Lionel went away in a frame of mind very different from that with which he had followed his mother upstairs. He looked into the parlour with a countenance so solemn that the little party assembled there, and congratulating themselves on everything having gone off so well, were entirely chilled. Mrs. Joscelyn, reposing in her chair with her hands clasped, was smiling with relief and pleasure, while Joan described all the pangs with which she had looked forward to the arrival of my Lady. “I thought she would be so stiff and so grand,” said Joan, “Lord, I don’t know what I didn’t think; but she’s as nice a woman as mother or myself, and takes nothing upon her. As long as I live I’ll never be afraid of a fine lady again.” Here Lionel’s solemn voice was heard at the door.
“I have come to say good night,” he said; “no, thank you, I will not sit down. I have a long walk before me; not anything, thank you. My mother is very comfortable, and much obliged to you, Mrs. Joscelyn. I beg I may not trouble anyone to open the door.”

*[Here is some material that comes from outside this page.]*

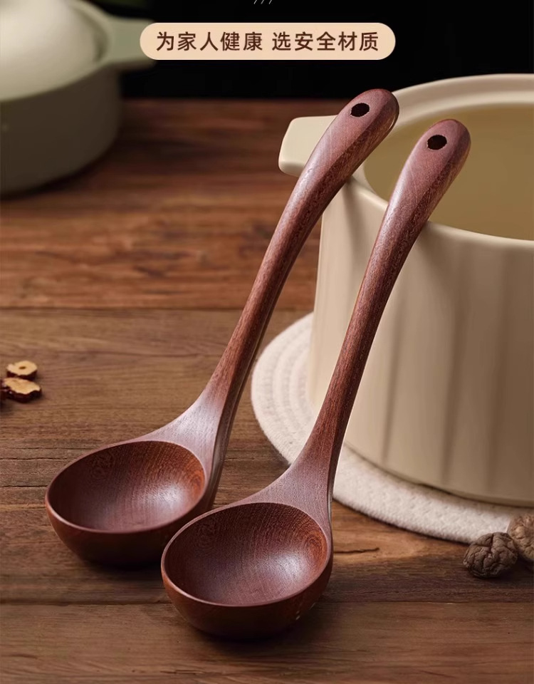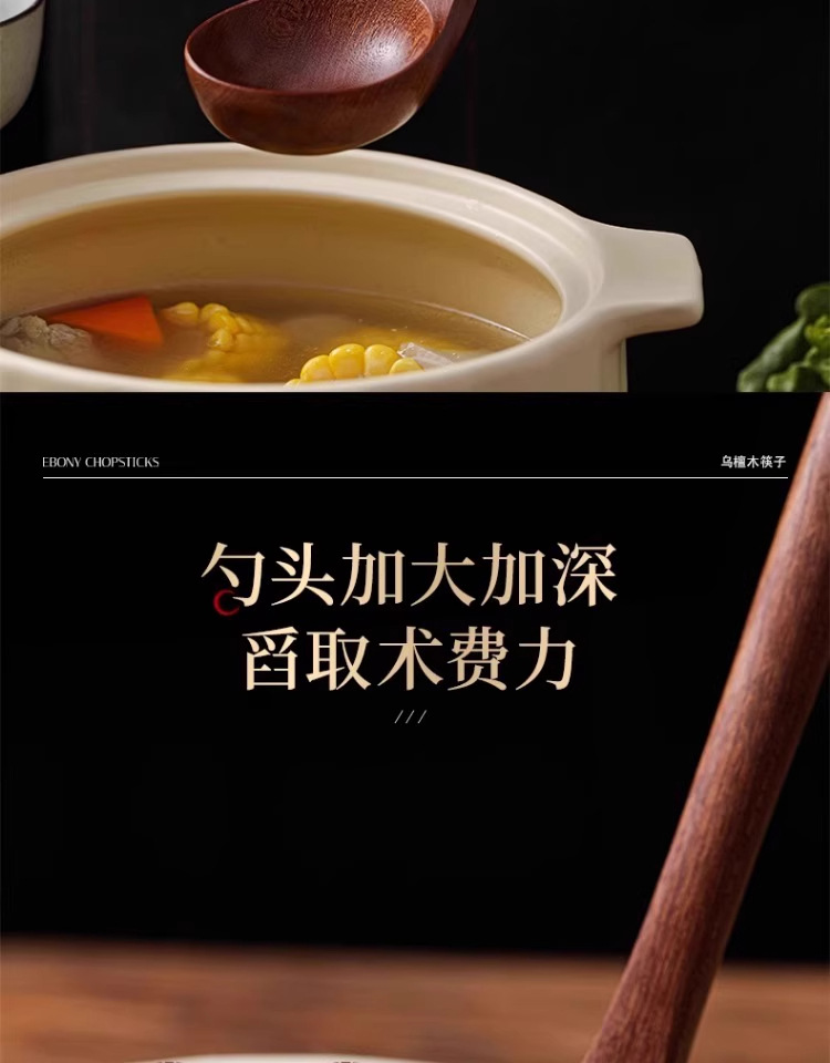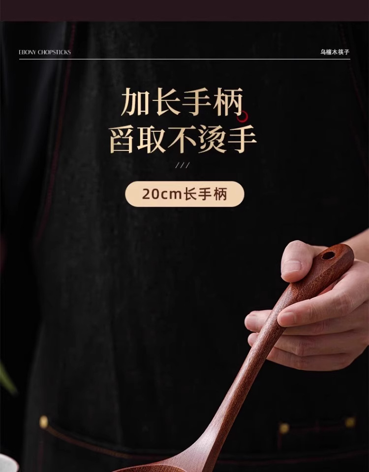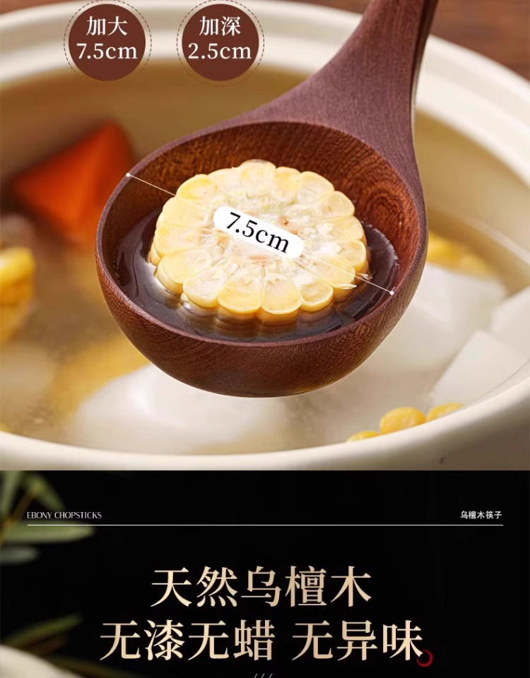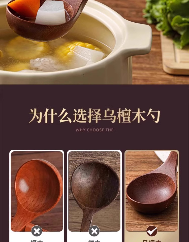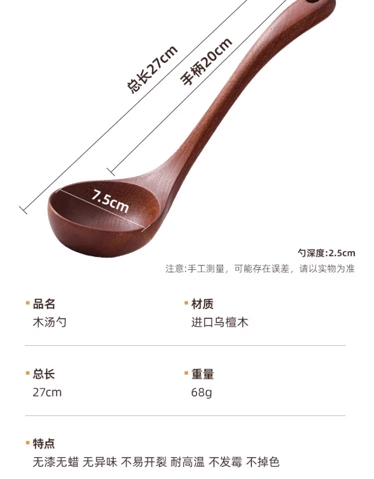 • [업그레이드 모델 - 두꺼운 직선 손잡이] 흑단 나무 수프 스푼 28 cm*7.5 cm
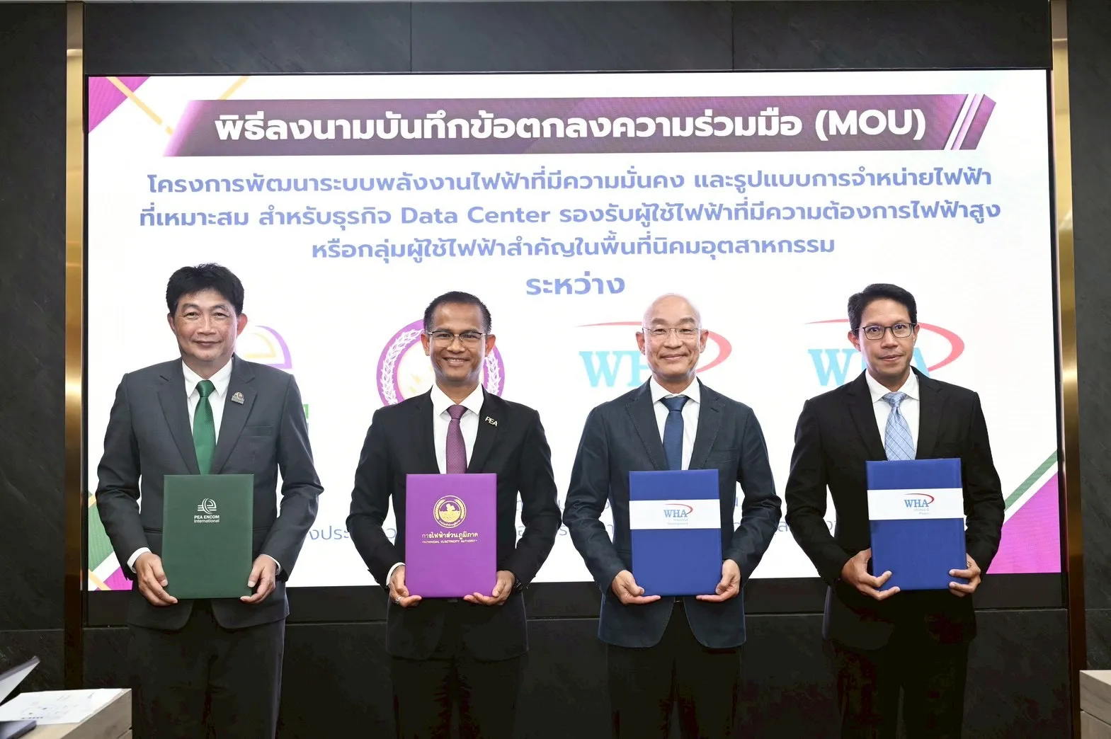 วันที่ 3 ตุลาคม 2568 นายประดิษฐ์ เฟื่องฟู รองผู้ว่าการการไฟฟ้าส่วนภูมิภาค นายปจงวิช พงษ์ศิวาภัย ประธานเจ้าหน้าที่บริหาร บริษัท ดับบลิวเอชเอ อินดัสเตรียล ดีเวลลอปเมนท์ จำกัด (มหาชน) นายอัครินทร์ ประเทืองสิทธิ์ รองประธานเจ้าหน้าที่บริหารและประธานเจ้าหน้าที่ฝ่ายปฏิบัติการ บริษัท ดับบลิวเอชเอ ยูทิลิตี้ส์แอนด์ พาวเวอร์ จำกัด (มหาชน) นายธีระ ศรีใหม่ รักษาการ กรรมการผู้จัดการใหญ่ บริษัท พีอีเอ เอ็นคอม อินเตอร์เนชั่นแนล จำกัด ร่วมลงนามในบันทึกข้อตกลงความร่วมมือโครงการพัฒนาระบบพลังงานไฟฟ้าที่มีความมั่นคง และรูปแบบการจำหน่ายไฟฟ้าที่เหมาะสมสำหรับธุรกิจ Data Center รองรับผู้ใช้ไฟฟ้าที่มีความต้องการไฟฟ้าสูงหรือกลุ่มผู้ใช้ไฟฟ้าสำคัญในพื้นที่นิคมอุตสาหกรรม ณ ห้องทวาราวดี ชั้น 22 อาคาร 4 สำนักงานใหญ่ การไฟฟ้าส่วนภูมิภาค

“What is the matter with him with all his ‘thank yous,’ and his ‘not troubling any ones,’” cried Joan when he went away without a smile. It was generally Lydia who let him out, which perhaps Mrs. Joscelyn should not have permitted. But to-night Lydia was checked by his cold looks, and held back shyly, and it was Philip Selby who opened the door. This was a slight matter; but it seemed to prove to Lionel everything his mother had said. He felt rather glad to have left a chill behind him, as he had evidently done; and he was very much tempted to steal to the window and peep in at them, and enjoy the wonder with which no doubt they would ask each other “What is the matter?” It was well he did not do so, for he would have seen the company in the parlour laughing—all but Lydia, who was wondering by herself in a corner, what was the matter?—at a witticism of Joan’s, who had made a solemn face in imitation of poor Lionel the moment his back was turned. Lionel was fortunately not aware of this; but felt that he had produced a sensation, and was not sorry; and so went away gloomily, not to say misanthropically, down into the village and across the bridge and along the river’s side to Birrenshead. On the way he met with old Isaac, who had once more been beguiled into the “Red Lion,” and was now making his way home with much stumbling.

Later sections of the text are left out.